We use a combined binary evolution code including dynamical effects to study nova eruptions in a symbiotic system. Following the evolution, over $\sim10^5$ years, of multiple consecutive nova eruptions on the surface of a $1.25 M_\odot$ white dwarf (WD) accretor, we present a comparison between simulations of two types of systems. The first is the common, well known, cataclysmic variable (CV) system in which a main sequence donor star transfers mass to its WD companion via Roche-lobe overflow. The second is a detached, widely separated, symbiotic system in which an asymptotic giant branch donor star transfers mass to its WD companion via strong winds. For the latter we use the Bondi-Hoyle-Lyttleton prescription along with orbital dynamics to calculate the accretion rate. We use the combined stellar evolution code to follow the nova eruptions of both simulations including changes in mass, accretion rate and orbital features. We find that while the average accretion rate for the CV remains fairly constant, the symbiotic system experiences distinct epochs of high and low accretion rates.

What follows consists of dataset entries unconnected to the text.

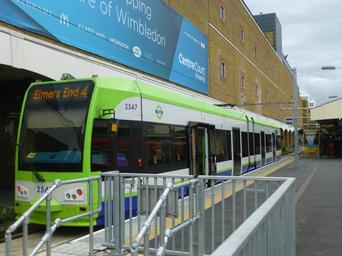 | Keywords: Wimbledon-Tramlink-Plat10a-2550-Plat10b-2567-P1390143.jpg en Two Bombardier trams at Wimbledon station - one in each platform 2547 on route No 4 in fleet livery going to Elmers End at platform No 10b and 2550 in yellow 'Safety Tram' advertising livery going to New Addington at platform No 10a 2016-10-19 14 20 15 own Spsmiler other versions cc-zero Wimbledon station Tramlink Tramlink tram 2547 Tramlink tram 2550 2 Tramlink trams Tramlink trams on route 4 Tramlink trams on route 3 Tramlink trams in green white and blue livery Tramlink trams in advertising liveries 2016 on Tramlink October 2016 in London 2016 in the London Borough of Merton |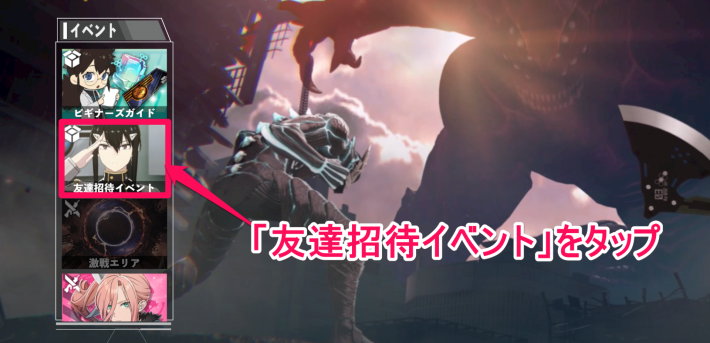 TOP画面左側にある「イベント」から、【友達招待イベント】のアイコンをタップし、イベントページを開きましょう。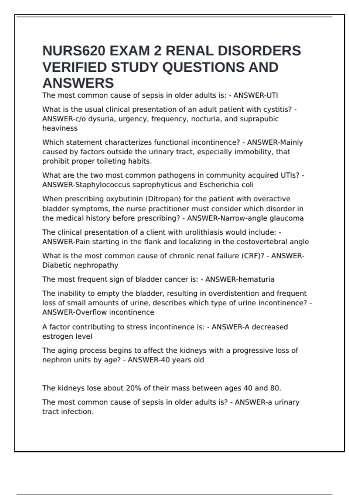 NURS620 EXAM 2 RENAL DISORDERS VERIFIED STUDY QUESTIONS AND ANSWERS

The examination of epochs for which the accretion rates of both simulations are similar, shows that the evolutionary behaviors are identical. We obtain that for a given WD mass, the rate that mass is accreted ultimately determines the development, and that the stellar class of the donor is of no significance to the development of novae. We discuss several observed systems and find that our results are consistent with estimated parameters of novae in widely separated symbiotic systems.